In the meantime, I'm convinced that we shouldn't do that. There's only one known affected plugin, which now has a workaround. So I would prefer discouraging the use of DB exceptions to "check stuff".

To isolate the plugins against each other somewhat, I suggest something like 10451-upgrade-connections-r11054.patch​, which uses a separate DB connection for each call to environment_needs_upgrade(). So a plugin generating a DB exception won't affect all the others. I believe this would also have solved the issue with the ​TagsPlugin.

Ok to apply?

[Christian Boos]

Yep, looks good!

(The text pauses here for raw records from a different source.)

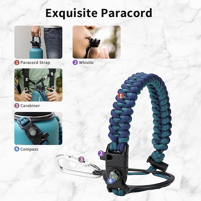 - Full-function Paracord Handle: Brilliant paracord of matching colors bring out the bottle with a touch of youthful vibe. Compact compass and handy carabiner make the bottle the ideal survival kit for expeditions in the wild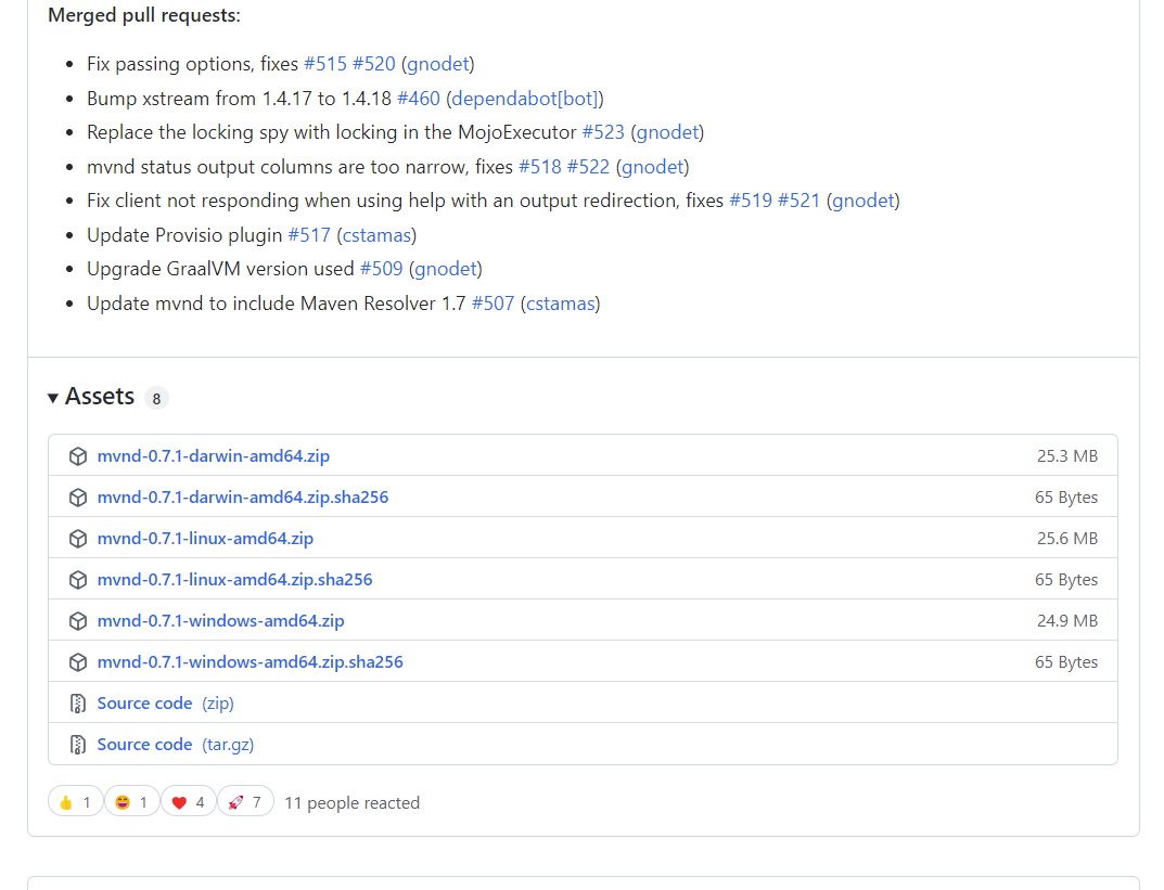 访问仓库版本地址,Releases · apache/maven-mvnd · GitHub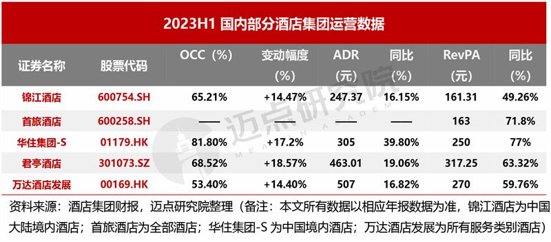 2023上半年,伴随国内旅游需求的恢复和增长,商务活动的日渐活跃,国内酒店行业经营逐步恢复正向的高速增长,多个旅游城市出现“一房难求”、“平均房价飙升”的现象。作为国内酒店产品供给核心主体的各主要酒店集团,上半年各项经营指标增长显著。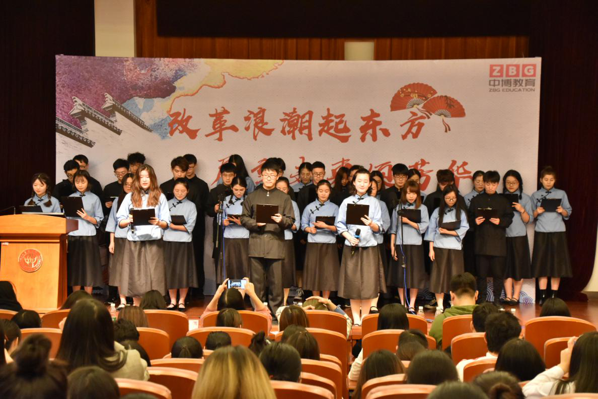 “在这片神奇的土地上,又一次萌发了腾飞的希望,历史的巨笔将描绘出新世纪更加灿烂的辉煌!” 国贸1701带来的《华夏崛起的希望》道出了他们对改革开放的称赞。少年智则国治,少年富则国富,少年强则国强。每一位中华少年,都是神州大地上冉冉升起的新星,也是构成祖国未来的希望。1978年,中国共产党用改革开放的伟大宣示把中国带入一个崭新的时代。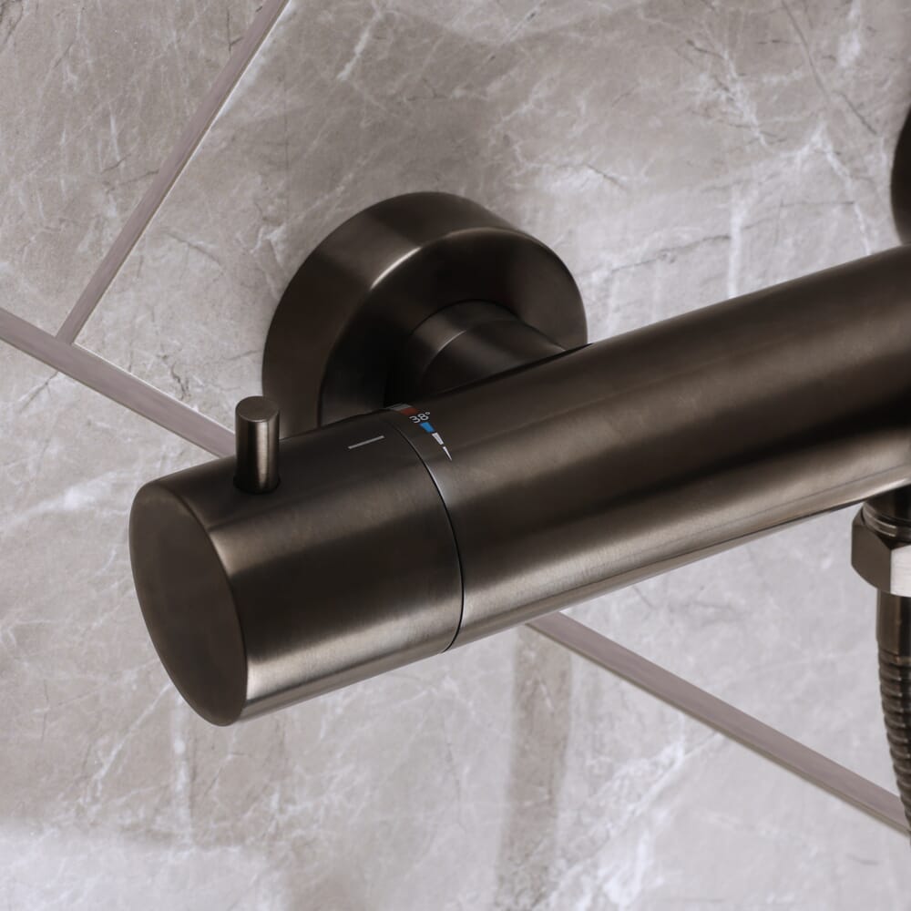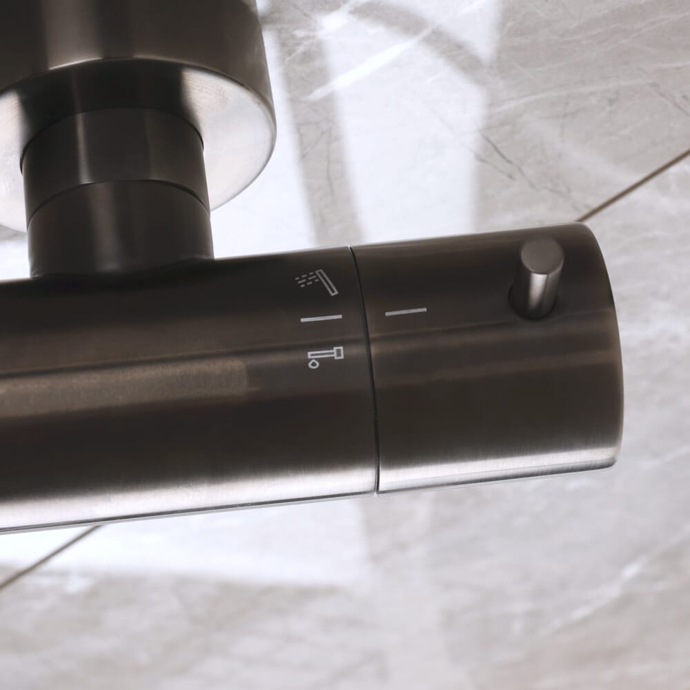 Il miscelatore termostatico per doccia della gamma Otto in nichel nero porterà un tocco contemporaneo al tuo bagno.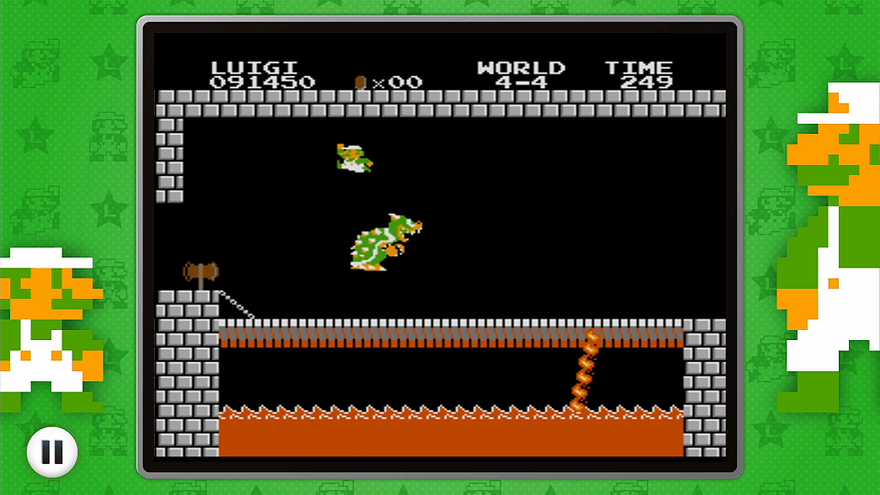 This isn’t to say that NES Remix 2 is all about repackaging great games in bite-size ruleset wrappers. Some levels serve up a bit of franchise crossover, such as when Samus collects coins in a Mario level. Occasionally these sprite changes add something to the original level, as in the Kirby boss battle that includes Boos in NES Remix 2, changing how you beat up on Whispy Woods. But the majority of the time NES Remix 2 walks the line between product placement and design by find-and-replace. The best example of this is certainly Super Luigi Bros., NES Remix 2’s major differentiator from its predecessor. Super Luigi Bros. stars the meeker Mario Brother and is a carbon copy of the original Super Mario Bros. with one important difference: It’s flipped. Instead of the familiar work of moving left to right, Luigi runs right to left. This is unsettling at first. Your instincts get scrambled. You suck. But then, by 1-2 or 1-3, it clicks, and you’re just playing Super Mario Bros. in the mirror. In a way, Super Luigi Bros. is the equivalent of playing a song backward and calling it a remix.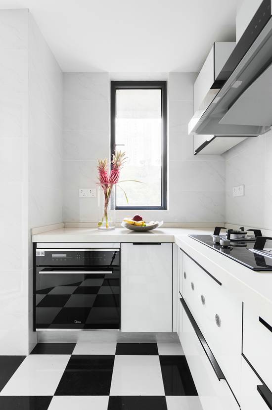 爵士白的墙砖与地面黑白方格相间,让整个空间不再呆板,充满活力。而且打理起来也特别的方便,嵌入式的灶台和烤箱、碗柜等,让空间变得更加宽敞和实用了。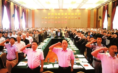 在官桥镇官桥村,88名党员胸戴党徽、身带党章,在党旗下高举右手,重温入党誓词;

Such connections should be immediately reused (if pooled), so there should be no performance penalty in the general case.

[Remy Blank]

Thanks for reviewing. Patch applied in [11072].

[Steffen Hoffmann]

Replying to rblank:

Replying to cboos:

…

We could wrap these in a Connection table_exists method.

I'm not sure we should encourage this practice. I would rather encourage plugin authors to have a database version number for their schema, in the same way as we do for core (#8172).

Since​r12069 ​th:TagsPlugin finally uses version numbers for it's schema. Db table existence checks are done now only a few times during initial install/upgrade to current schema version, and possibly remaining side-effects of db errors have been minimized by using separate connections for these ugly tests.